[ad_1]
MOSCOW (Reuters) – A return to the oil production levels that were in place in October 2016, baseline for the current deal to cut output, is one of the options for easing curbs, Russia’s energy minister said on Saturday.
Sources said this week that Saudi Arabia and Russia were discussing raising OPEC and non-OPEC oil production to ease 17 months of strict supply curbs amid concerns that a price rally has gone too far.
“When we extended the agreement until the end of 2018, we spoke about such possibilities (of returning to the October 2016 level),” Novak told reporters.

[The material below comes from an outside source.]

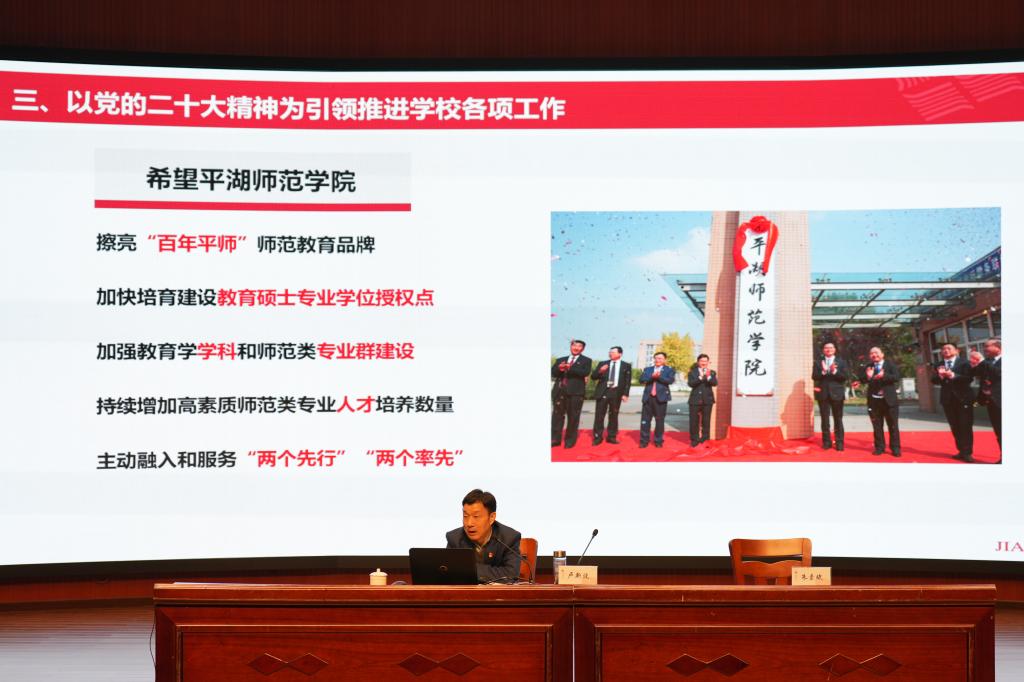 他希望公司要以党的二十大精神为指引,坚持办学正确政治方向,坚守为党育人、为国育才,进一步擦亮“百年平师”师范教育品牌,加快培育建设教育硕士专业学位授权点,加强教育学学科和师范类专业群建设,持续增加地方经济社会发展急需的高素质师范类专业人才培养数量,全面提高人才引育和自主培养质量,主动融入和服务“两个先行”“两个率先”踔厉奋发、实干争先,在中国式现代化新征程中展现新担当、新作为。

“But a decision will be made in June,” he added, referring to meetings of OPEC and non-OPEC countries in Vienna on June 22-23.

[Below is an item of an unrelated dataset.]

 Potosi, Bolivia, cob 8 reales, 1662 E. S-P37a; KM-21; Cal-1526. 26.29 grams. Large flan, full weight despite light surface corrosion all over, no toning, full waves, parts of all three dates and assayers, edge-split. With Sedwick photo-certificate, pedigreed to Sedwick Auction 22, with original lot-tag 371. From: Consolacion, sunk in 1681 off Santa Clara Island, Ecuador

The existing deal came into force on January 1, 2017, and envisaged global oil producers reducing their combined output by 1.8 million barrels per day (bpd) to cut bloated stockpiles and prop up oil prices.
Russia’s oil output reached a 30-year high of 11.247 million bpd in October 2016 and it pledged to cut it by 300,000 bpd to 10.947 mln.
In March and in April this year it failed to fully comply with the deal, pumping at the pace of 10.97 million bpd, a 11-month high.
Oil prices have risen to $80 per barrel, levels unseen since late 2014. Russian President Vladimir Putin said on Thursday that the price of $60 “suits Russia”.
Novak was also quoted as saying on Saturday he expected Iran to reduce its output by no more than 10 percent as a result of the move by the United States to withdraw from a nuclear deal and reinstate sanctions against Tehran.
“I think the output reduction will not be as significant as many expect,” RIA news agency quoted Novak as saying when asked if he agreed with an estimate that the sanctions could remove as much as 800,000 barrels a day from the market.
“Some 10 percent is probably the maximum level,” he said.
Novak also estimated that the “geopolitical risk” premium to the oil price was around $5-$7 per barrel.